Little Tales is a wonderful comic about humorous things that have happened in the author's life Prophecy of the Circle is a beautiful drama that just sucks you in with how well thought out the world is.


----------



## DrakeCuriel (Oct 10, 2012)

Good stockpile of Webcomics, including Furry and Nonfurry comics, as well as mostly clean but a few NSFW can be found in this thread.

http://forums.furaffinity.net/threads/78970-Webcomic-List-thread

The thread is stickied, and is a good resource. Created by Smelge.

The comics I know of that are clean which I can personally recommend are in my post on the thread, should be on the last page.


----------



## Chowder12 (Oct 11, 2012)

my comic is clean! the art isn't great, but the story is good!

http://complicatedness.smackjeeves.com/


----------



## Daxenobis (Oct 12, 2012)

If you would like something that isn't a webcomic and is actually published. I don't think the author considers this a furry comic, but it has anthropomorphic characters. I would recommend Mouse Guard by David Petersen, http://en.wikipedia.org/wiki/Mouse_Guard. It's won a couple Eisner awards, and also has a pen and paper game based off of it. It's similar to the Redwall series.


----------



## Sayleus53 (Oct 12, 2012)

I think I saw that someone already mentioned this but, Cheap thrills is a pretty cool comic. There is some drug use though and some PG-13 parts.  I think that its clean.


----------



## Dee (Oct 17, 2012)

My newly relaunched comic "Chevalier: The Queen's Mouseketeer" is a clean, family friendly, fairy tale furry fantasy adventure for all ages. 






Chevalier: The Queen's Mouseketeer
http://www.webcomicsnation.com/moniquem/chev/series.php

Dee


----------



## GhostWolf (Nov 3, 2012)

The cleanest furry comic I know of is Wuffle


----------



## Shouden (Dec 8, 2012)

Not really a comic, but writer/director of My Little Pony Friendship is Magic, Foster's Home for Imaginary Friends, Powerpuff Girls and Super Best Friends Forever, Lauren Faust is on DeviantArt. Pretty cool, really.


----------



## rustygilligan (Dec 18, 2012)

Try the Mac and Trouble comic from WTF Comics... you can find it somewhere on this page: http://whatthefluxcomics.com/webstore.php


----------



## soot1 (Jul 27, 2015)

Try pobrepucho.thecomicseries.com or foxy flavoured cookie (whatever its called) though it definitely has its moments


----------



## Phoenix-Kat (Jul 27, 2015)

http://www.vickifox.com/Comics/index.php


----------



## DonKarnage (Jul 27, 2015)

http://catenamanor.com/ Don't know if its clean or not.

http://cyantian.net/sinkswim/

http://www.ozfoxes.com/


----------



## WolfNightV4X1 (Jul 27, 2015)

How about Knot U? It's about a group of furry boy scouts who learn the fine art of tying knots and get badges for it, a compelling read, I must say.

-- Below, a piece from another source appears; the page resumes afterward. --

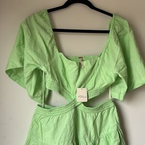 Free People Cross of Sunlight Mini Dress | Size Small | Green | NWT

Look it up sometime.


----------



## LazerMaster5 (Jul 27, 2015)

If you love video games, Savestate is a must. The creator, Tim Weeks, is quite talented and occasionally takes requests, which you can see on his FA page. 
http://www.savestatecomic.com/


----------



## HollowOfHaze (Jul 28, 2015)

Skin Deep!
http://www.skindeepcomic.com/
Great comic, friendly author, and a neat twist on mythology. I recommend it personally.


----------



## Maugryph (Jul 28, 2015)

I don't think furry and clean are allowed in the same sentence :V


----------



## ShioBear (Jul 28, 2015)

yiff or gtfo scrub


----------



## Verok (Jul 31, 2015)

Have you tried washing them in warm water? That usually does the trick.


----------



## AnInquisitiveFox (Jul 31, 2015)

I am surprised I have not seen http://www.housepetscomic.com/ yet on this list. It is probably there but I got to lazy to look through every one.


----------



## Davi Escorsin (Aug 3, 2015)

Hey there. I'm currently working on a webcomic series that might interest you guys. It's called Books and Dragons and, don't worry, it's clean. It's a fantasy/adventure/comedy series. 

Check it out at *http://books-and-dragons.com/












And my Patreon is here too, just in case: https://www.patreon.com/booksanddragons?ty=h
*


----------



## Nyro46 (Aug 3, 2015)

AnInquisitiveFox said:


> I am surprised I have not seen http://www.housepetscomic.com/ yet on this list. It is probably there but I got to lazy to look through every one.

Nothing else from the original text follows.